The following is an example of a function with overloads.
function attr(name: string): string;
function attr(name: string, value: string): Accessor;
function attr(map: any): Accessor;
function attr(nameOrMap: any, value?: string): any {
if (nameOrMap && typeof nameOrMap === "string") {
// handle string case
}
else {
// handle map case
}
}Note that each overload and the final implementation specify the same identifier. The type of the local
variable attr introduced by this declaration is
var attr: {
(name: string): string;
(name: string, value: string): Accessor;
(map: any): Accessor;
};Note that the signature of the actual function implementation is not included in the type.
A function implementation without a return type annotation is said to be an implicitly typed function. The return type of an implicitly typed function f is inferred from its function body as follows:
- If there are no return statements with expressions in f's function body, the inferred return type is Void.
- Otherwise, if f's function body directly references f or references any implicitly typed functions that through this same analysis reference f, the inferred return type is Any.
- Otherwise, the inferred return type is the widened form (section 3.9) of the best common type (section 3.10) of the types of the return statement expression in the function body, ignoring return statements with no expressions. A compile-time error occurs if the best common type isn't one of the return statement expression types (i.e. if the best common type is an empty type).
In the example
function f(x: number) {
if (x <= 0) return x;
return g(x);
}
function g(x: number) {
return f(x - 1);
}the inferred return type for f and g is Any because the functions reference themselves through a cycle
with no return type annotations. Adding an explicit return type number to either breaks the cycle and
causes the return type number to be inferred for the other.

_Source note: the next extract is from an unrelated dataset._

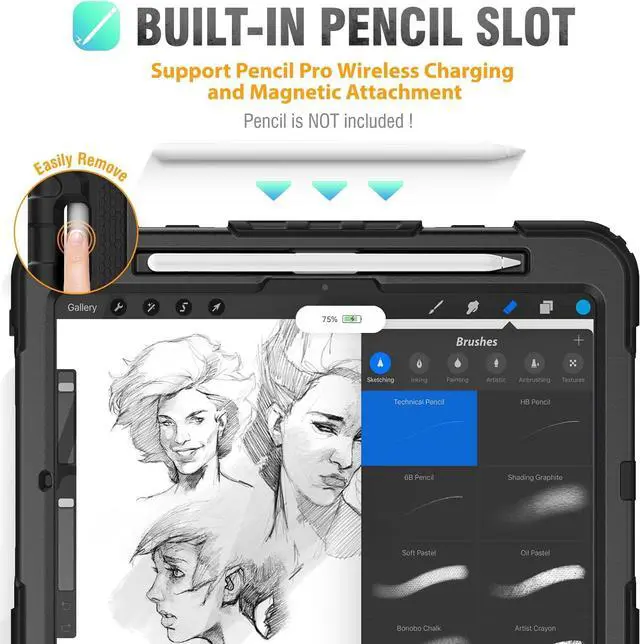 Pencil Holder & Precise Cut-outs Allow easy access to all ports and buttons, the Pencil Slot Holder supports pencil pro wireless charge and magnetic attachment, always keep your pencil secure in place, free take the Pro11 (5th) case around or put it in to a bag.

An explicitly typed function whose return type isn't the Void or the Any type must have at least one return
statement somewhere in its body. An exception to this rule is if the function implementation consists of a
single throw statement.
The type of this in a function implementation is the Any type.
In the signature of a function implementation, a parameter can be marked optional by following it with an initializer. When a parameter declaration includes both a type annotation and an initializer, the initializer expression is contextually typed (section 4.19) by the stated type and must be assignable to the stated type, or otherwise a compile-time error occurs. When a parameter declaration has no type annotation but includes an initializer, the type of the parameter is the widened form (section 3.9) of the type of the initializer expression.
Initializer expressions are evaluated in the scope of the function body but are not permitted to reference local variables and are only permitted to access parameters that are declared to the left of the parameter they initialize.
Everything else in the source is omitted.